Henson, I get, but
Schulz? That made me Google...
Peanuts ran for nearly 50 years, almost without interruption. During the life of the strip, Schulz took only one vacation, a five-week break in late 1997 to celebrate his 75th birthday; reruns of the strip ran during his vacation. At its peak, Peanuts appeared in more than 2,600 newspapers in 75 countries.
Schulz stated that his routine every morning consisted of eating a jelly donut and sitting down to write the day's strip. After coming up with an idea (which he said could take anywhere from a few minutes to a few hours), he began drawing it, which took about an hour for dailies and three hours for Sunday strips.
He stubbornly refused to hire an inker or letterer, saying that "it would be equivalent to a golfer hiring a man to make his putts for him."
In November 1999 Schulz suffered several small strokes along with a blocked aorta and later it was discovered that he had colon cancer that had metastasized.
Because of the chemotherapy and the fact he could not read or see clearly, he announced his retirement on December 14, 1999.
This was difficult for Schulz, and he was quoted as saying to Al Roker on The Today Show, "I never dreamed that this would happen to me. I always had the feeling that I would stay with the strip until I was in my early eighties, or something like that. But all of sudden it's gone. I did not take it away. This has been taken away from me."

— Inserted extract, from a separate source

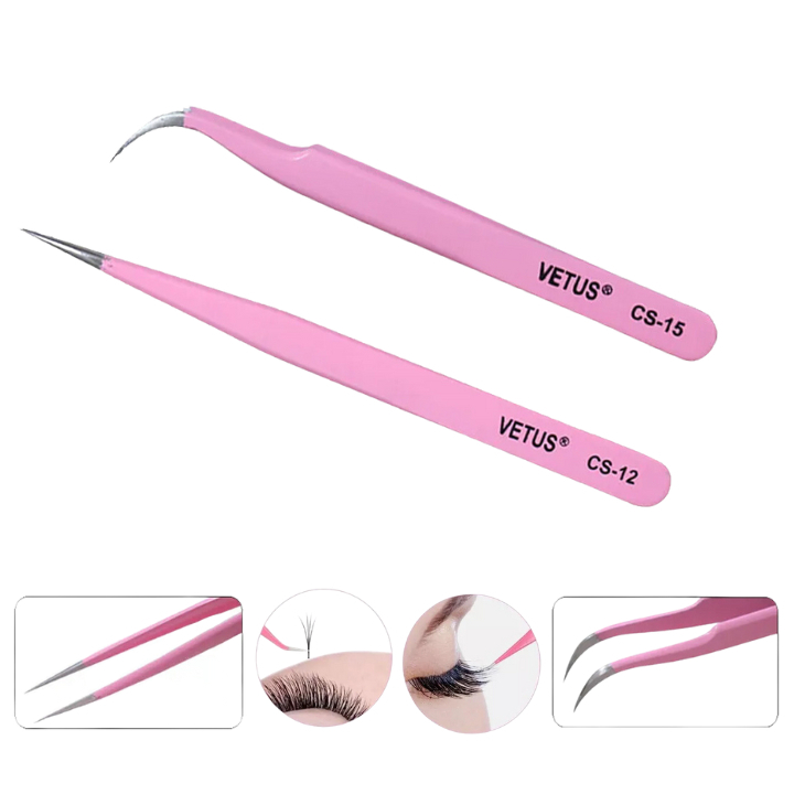 Kit de 2 Pinça Vetus Para Alongamento De Cilios Extensão De Cílios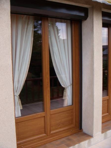 Portes fenêtres PVC plaxées "chêne Doré" 2 faces avec ses poignées laiton

In his later years, Schulz also suffered from Parkinson's Disease. As a result, he experienced hand tremors that made his linework shaky. He admitted that the tremors sometimes were so bad that while working, he had to hold onto the side of his desk with one hand to steady himself. In addition, he had to reduce the strip from four panels to three (starting on February 29, 1988) to reduce the amount of drawing.
Charles Schulz died in his sleep at home around 9:45 p.m. on February 12, 2000. Although he was dying of cancer, he suffered a fatal heart attack. The last original Peanuts strip was published the very next day, on Sunday, February 13, 2000, just hours after his death the night before. Schulz was buried at Pleasant Hills Cemetery in Sebastopol, California.
Schulz indicated that his family wished for the strip to end when he was no longer able to produce it. Schulz had previously predicted that the strip would outlive him, with his reason being that comic strips are usually drawn weeks before their publication.
As part of his will, Schulz had requested that the Peanuts characters remain as authentic as possible and that no new comic strips based on them be drawn. United Features had legal ownership of the strip, but honored his wishes, instead syndicating reruns of the strip to newspapers.
New television specials have also been produced since Schulz's death, but the stories are based on previous strips, and Schulz always stated that Peanuts TV shows were entirely separate from the strip.
Schulz had been asked if, for his final Peanuts strip, Charlie Brown would finally get to kick that football after so many decades. His response: "Oh, no! Definitely not! I
couldn't have Charlie Brown kick that football; that would be a terrible disservice to him after nearly half a century."
Yet, in a December 1999 interview, holding back tears, he recounted the moment when he signed the panel of his final strip, saying, “All of a sudden I thought, 'You know, that poor, poor kid, he never even got to kick the football. What a dirty trick — he never had a chance to kick the football!'”
He was posthumously honored on May 27, 2000, by cartoonists of more than 100 comic strips paying homage to him and Peanuts.